Pero, sobre todo, el relato de las circunstancias en las que se gestó el guion de Citizen Kane que nos ofrece Mank describe un Hollywood en trance existencial que teme por su continuidad en términos tanto industriales como estéticos y creativos. El cine siente el aliento de la muerte de manera constante desde sus orígenes; y la amenaza de los nuevos hábitos y las transformaciones sociales que se gestaban en los años cuarenta -mutaciones a las que se sumaría pronto, y con fuerza, el auge de la televisión- invitó a pensar en el final de todo de la misma manera que ahora nos puede generar una ansiedad análoga la revolución digital, el esplendor de los sistemas de streaming y el consumo masivo de imágenes a través de redes sociales y dispositivos móviles. El cine siempre ha habitado en una sempiterna sensación de disolución, en un tiempo de crisis irresoluble marcado por las tensiones entre el sentido del compromiso y las tendencias impuestas por el sistema, y por eso hablar del Hollywood de la época de Citizen Kane o The Bad and the Beautiful equivale también a hablar de aquí y ahora. Y quizás Fincher, cineasta al fin y al cabo bien posicionado en la industria, se vea a sí mismo como un bufón de la corte que acude a una mascarada en Xanadú pero se permite cantarle las cuarenta al amo de la casa (Mank, por cierto, vuelve a ser una producción de Netflix, como Mindhunter). El mono organillero que deviene en gorila agresor.

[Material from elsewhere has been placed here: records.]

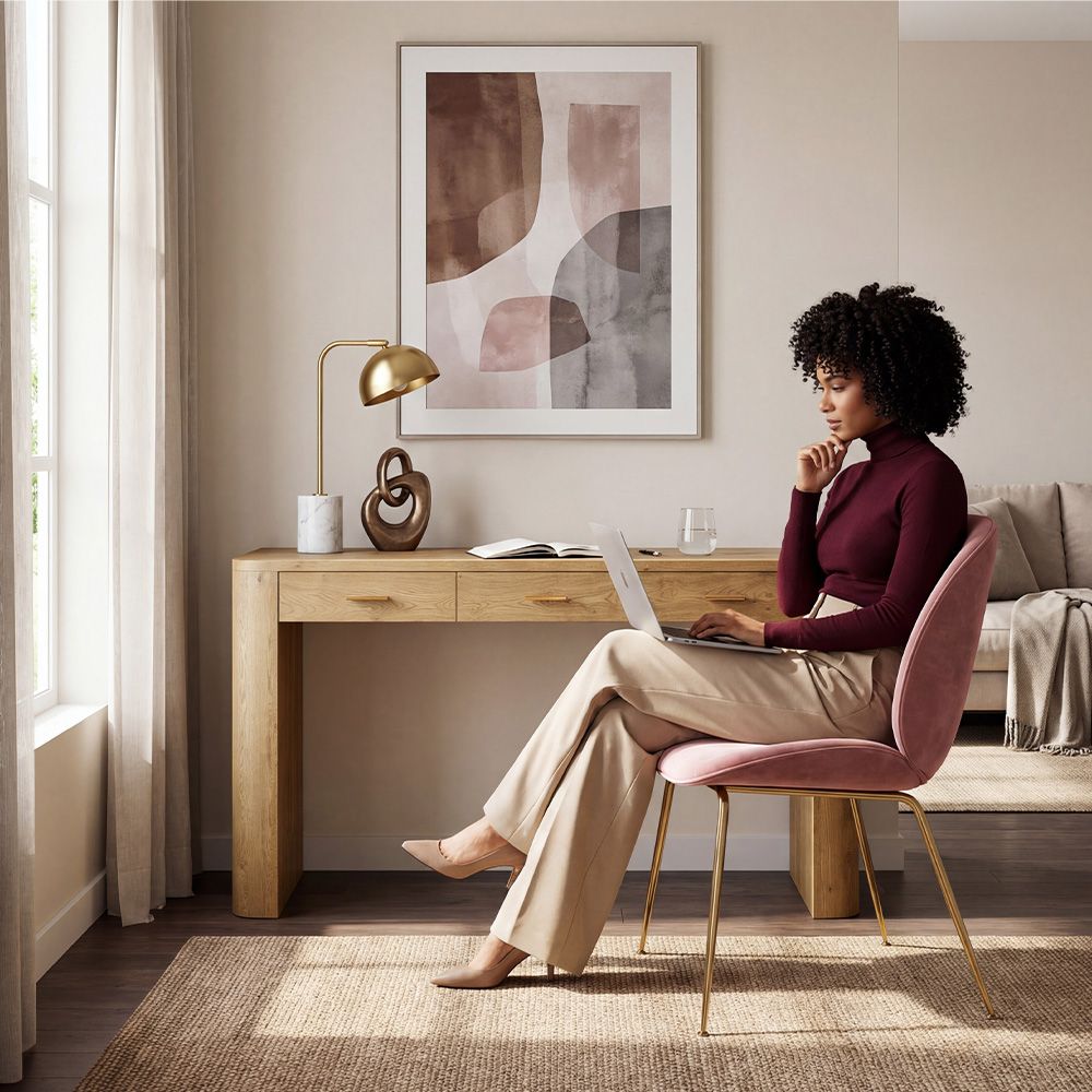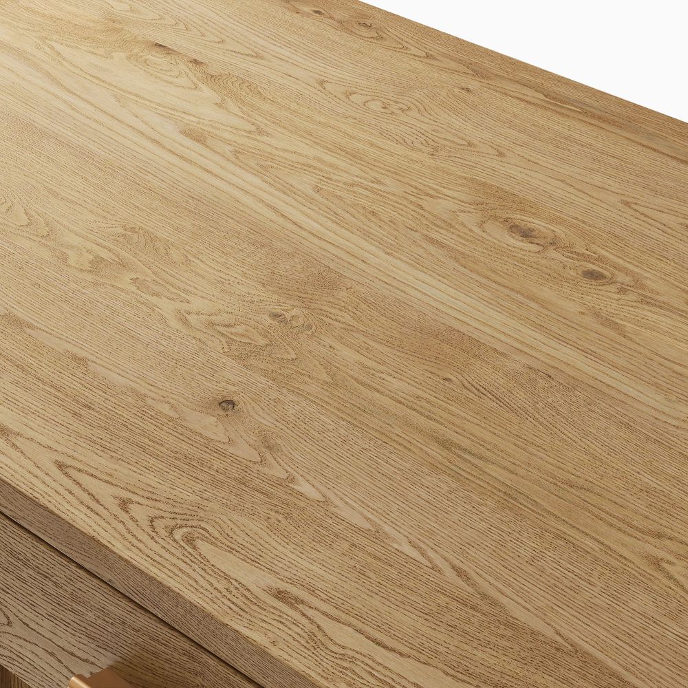 Himmel desk offers a refined statement for any entryway or living space. Its gracefully rounded corners and seamless waterfall design highlight the exquisite natural grain of the wood, creating a sense of understated luxury.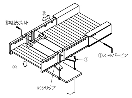 1.フライングブリッジは、支持梁上での接続を基本として設計されています。連続でご使用される場合は、接続箇所が梁上に来るように計画してください。
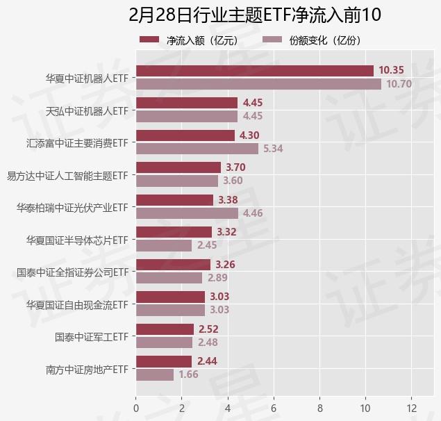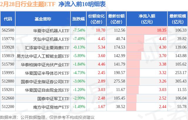 当天有 178 只行业主题 ETF 资金净流入显示,其中华夏中证机器人净流入排名第一。 ETF(562500),份额增加 10.7 十亿份,净流入额为 10.35 亿元。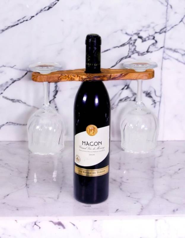 Elegant Olive Wood Wine and Glass Holder – Refined Craftsmanship – The Perfect Gift!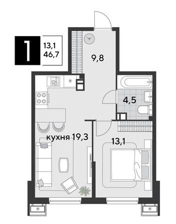 Срок сдачи: 4 кв. 2025, общей площадью 46.7 кв.м., на 8 этаже.
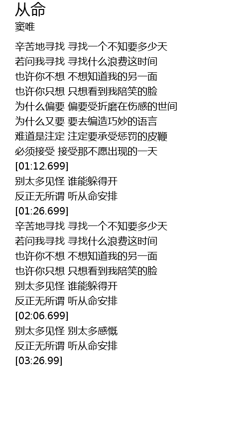 | [01:56.699] | 反正无所谓 听从命安排 |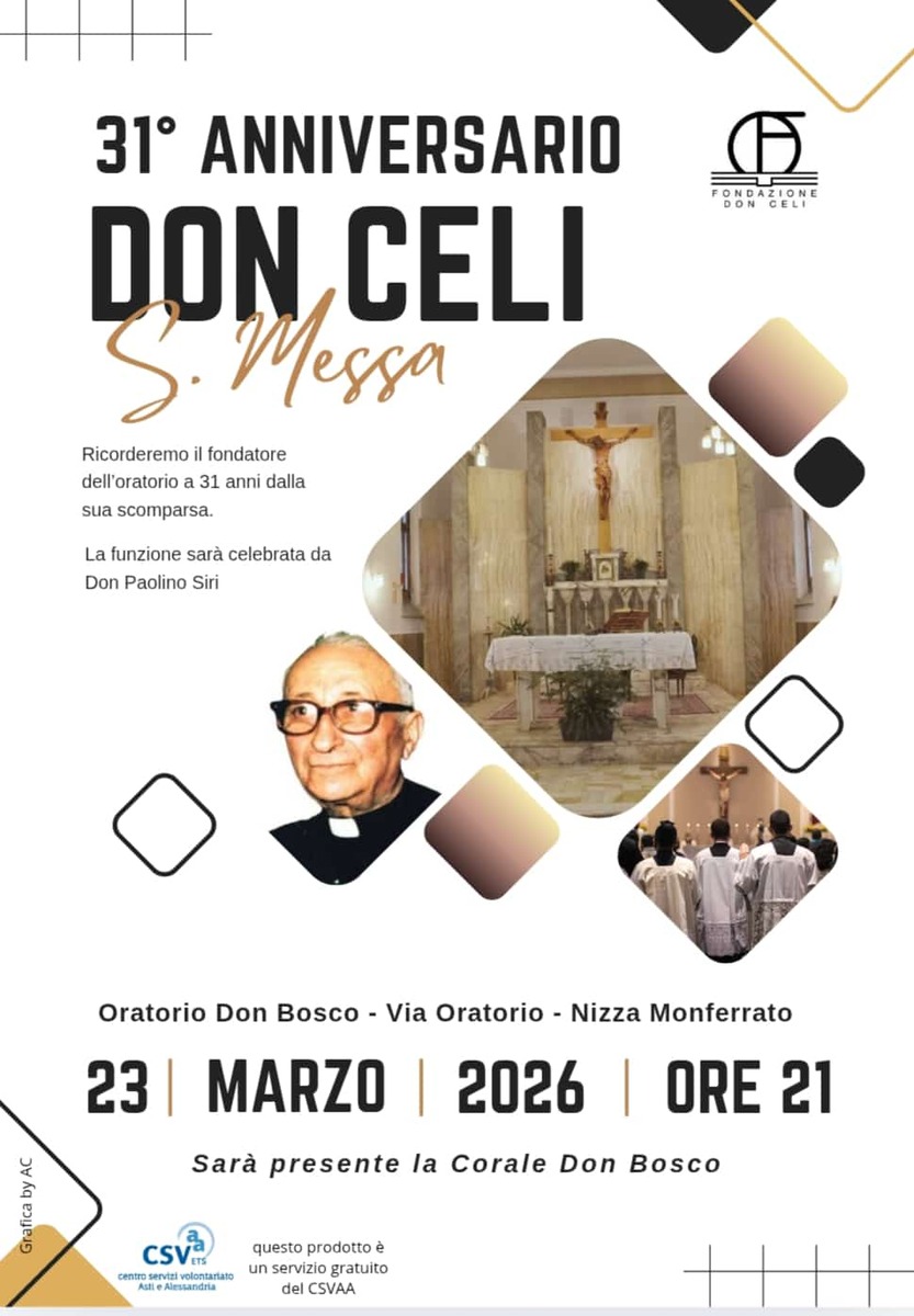 A Nizza Monferrato si prepara un momento di raccoglimento e memoria collettiva. Lunedì 23 marzo, alle 21, l’Oratorio Don Bosco ospiterà la messa in occasione del 31° anniversario della scomparsa di Don Celi.
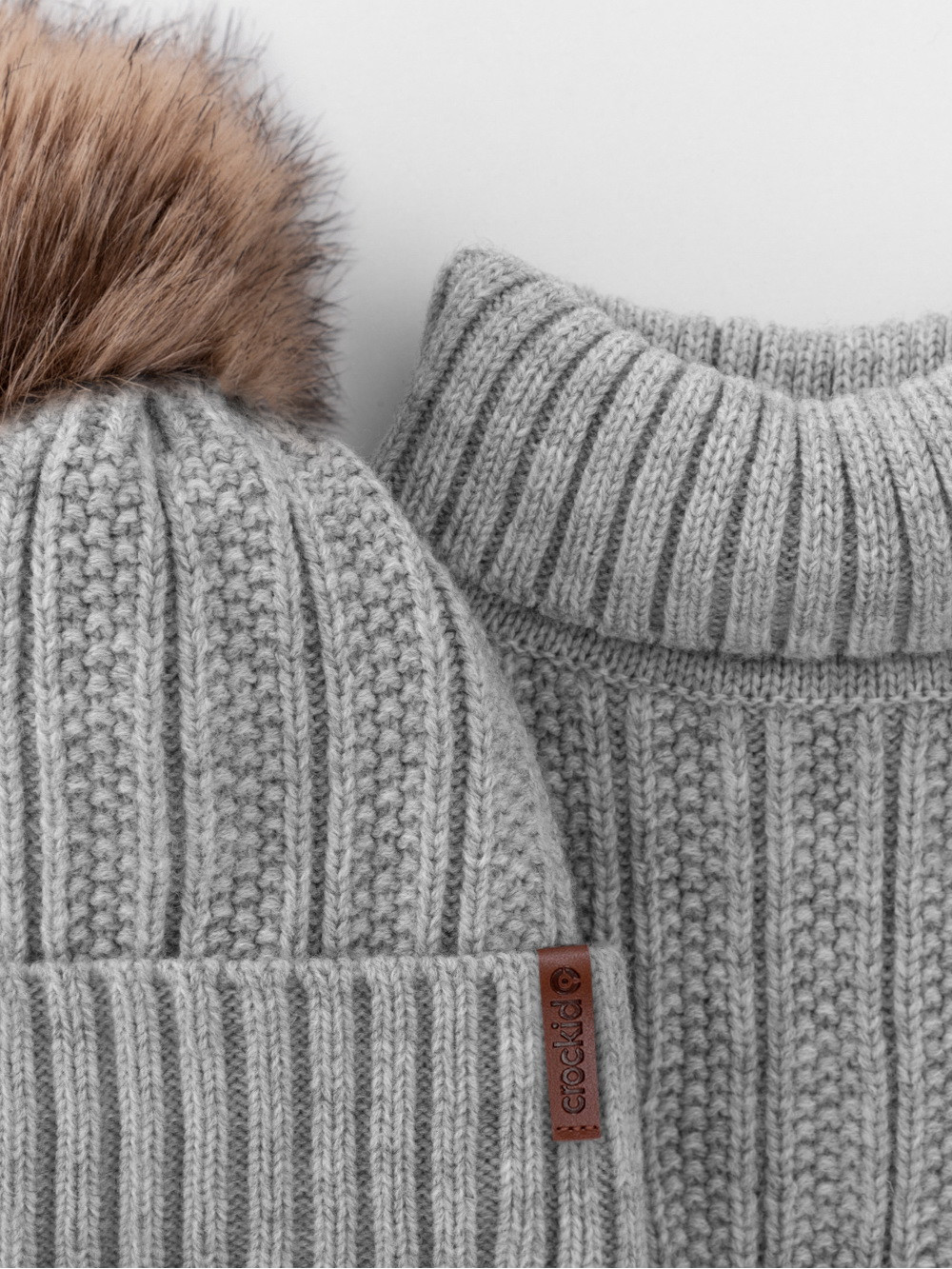 Комплект для мальчика: шапка и манишка из полушерстяной пряжи. Шапка на завязках с синтепоновым утеплителем. Подклад из натурального хлопка. Полностью закрывает голову, уши и шею, защищая ребёнка от холодного воздуха и ветра. На макушке помпон. Манишка с высоким воротником с эластичным отворотом.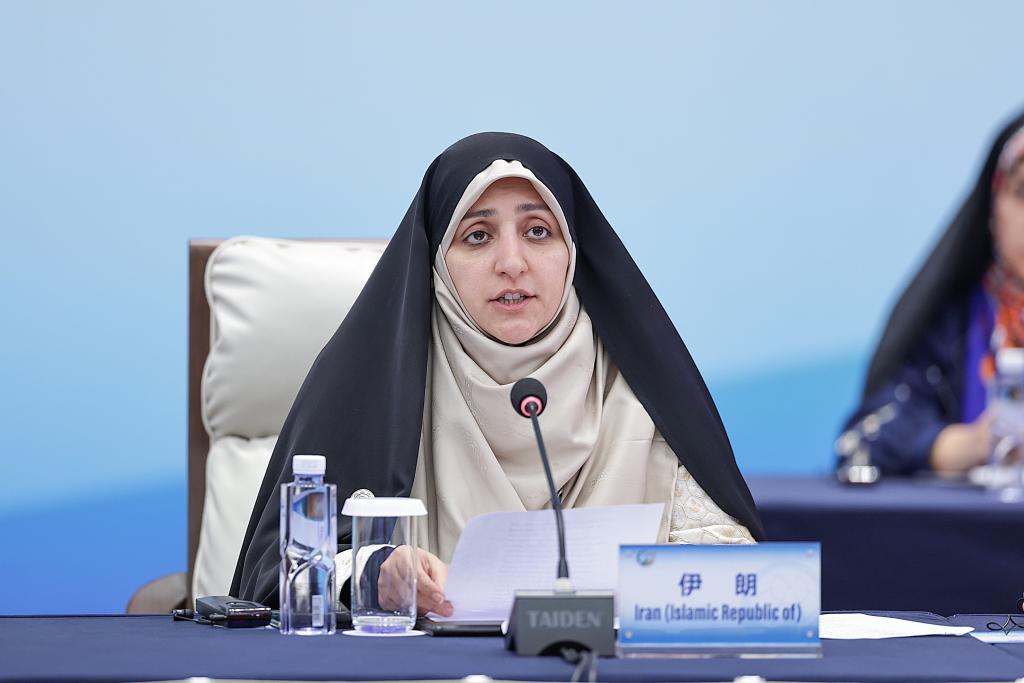 13日、世界女性サミットの全體會議であいさつするイランの代表。(北京=新華社記者/張玉薇)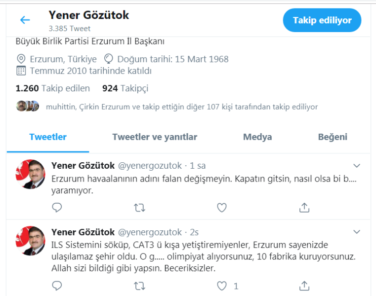 “ILS Sistemini söküp, CAT3 ü kışa yetiştiremiyenler, Erzurum sayenizde ulaşılamaz şehir oldu. O g….. olimpiyat alıyorsunuz, 10 fabrika kuruyorsunuz. Allah sizi bildiği gibi yapsın. Beceriksizler.”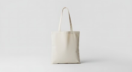 Minimalist white fabric shopping bag hanging on a hook, providing a blank space concept for custom logo or text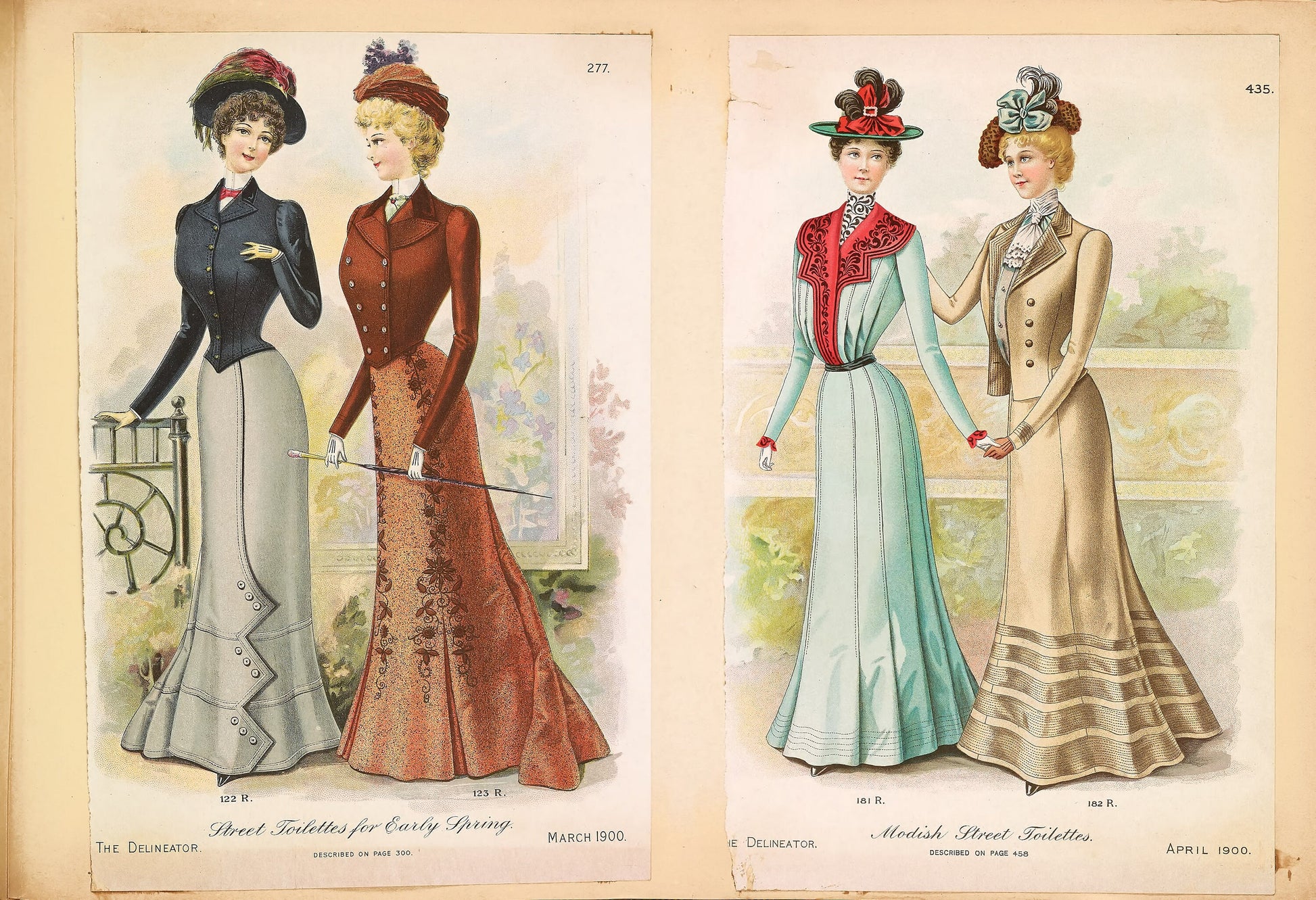 The fashion plates were usually created by skilled illustrators or artists, who would use a combination of hand-drawn sketches and watercolors to depict the latest clothing designs. These designs ranged from everyday wear to high-end fashion, and were often accompanied by detailed descriptions of the materials used, the style, and any special features or accessories.
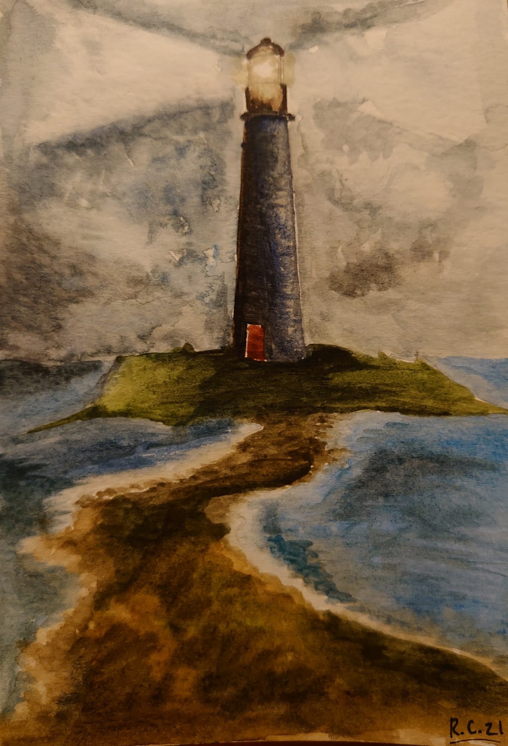 It was her habit of an evening to climb the steps of the lighthouse tower. From its observation deck she would look out across the sea. No one knew what she thought about, or where her mind would wander, but one evening, as lightning danced upon the darkening horizon, she cast her eyes down to the beach. There she saw him, the boy she loved, entwined in the arms of a local girl. She watched them: they rolled together in the sand and the surf, surging into and onto one another, oblivious to Lynda and her broken heart. Below the deck of the lighthouse the maw of the broiling sea churned and chewed upon itself; the rocks gleamed like ebony fangs, masticating satanically.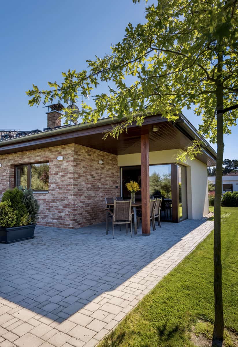 Vzhledem k tomu, že už mají odrostlé děti, nepotřebovali veliký dům s mnoha pokoji. S výhledem na budoucnost si chtěli ale postavit bezbariérový dům s pokojem pro návštěvy dětí a vnoučat. „Nechtěli jsme velké místnosti, je to pak takové neútulné. Rozměry domu nám takhle naprosto vyhovují,“ říká naše hostitelka. Kamarádka jí dala tip na pražskou stavební firmu STINGS 96, kam už šli s představou o stavbě vysněného bungalovu. Architektonická studie i projekt pak vznikly ve spolupráci s touto firmou.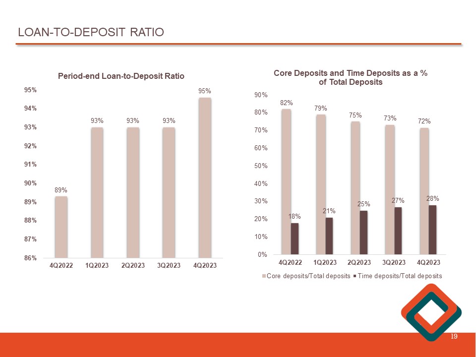 AVERAGE CORE AND TIME DEPOSITS 18 $1,898 $1,775 $1,645 $1,588 $1,573 0.34% 0.53% 0.64% 0.70% 0.76% 0.00% 0.10% 0.20% 0.30% 0.40% 0.50% 0.60% 0.70% 0.80% $1,000 $1,100 $1,200 $1,300 $1,400 $1,500 $1,600 $1,700 $1,800 $1,900 $2,000 Average Core Deposits and Rates Average core deposits, including non - interest bearing deposits, decreased $ 14 . 7 million, or 0 . 9 % , from the linked quarter . Average time deposits were $ 603 . 9 million, an increase of $ 40 . 7 million, or 7 . 2 % , from the linked quarter . During the quarter - ended December 31 , 2023 , the average cost of core deposits, including non - interest bearing demand deposits, increased 6 basis points from the linked quarter, while the cost of time deposits increased 32 basis points for the same period . ($ in millions) $360 $428 $502 $563 $604 0.65% 1.71% 2.74% 3.46% 3.78% 0.25% 0.75% 1.25% 1.75% 2.25% 2.75% 3.25% 3.75% 4.25% $200 $250 $300 $350 $400 $450 $500 $550 $600 $650 Average Time Deposits and Rates

Fijémonos en que el cine de hoy nos está hablando, a través de algunos de los títulos más significativos de la actualidad, de un tiempo ambiguo en el que el presente y el pasado no sólo se confunden sino que se mezclan, un tiempo que sólo existe en el seno de Martin Eden (Pietro Marcello) o El año del descubrimiento (Luis López Carrasco). A su manera, puede que Mank, película que reproduce la estructura narrativa de Citizen Kane con flashbacks continuos que componen de facto la sustancia de la película, habite también en ese tiempo extraño: su forma viaja constantemente al pasado pero su sentido profundo se proyecta con la misma insistencia hacia el mundo de hoy. Seguimos en cierto sentido en la América de Hearst, un lugar donde la posición institucional respecto a los fascismos es mucho más ambivalente de lo que indica el relato oficial de la historia escrito después del ataque a Pearl Harbour y donde el cine no puede más que defenderse con sus propios medios frente a un sistema audiovisual y una turbamulta de integrados que lo quieren, una vez más, humillado y derrotado.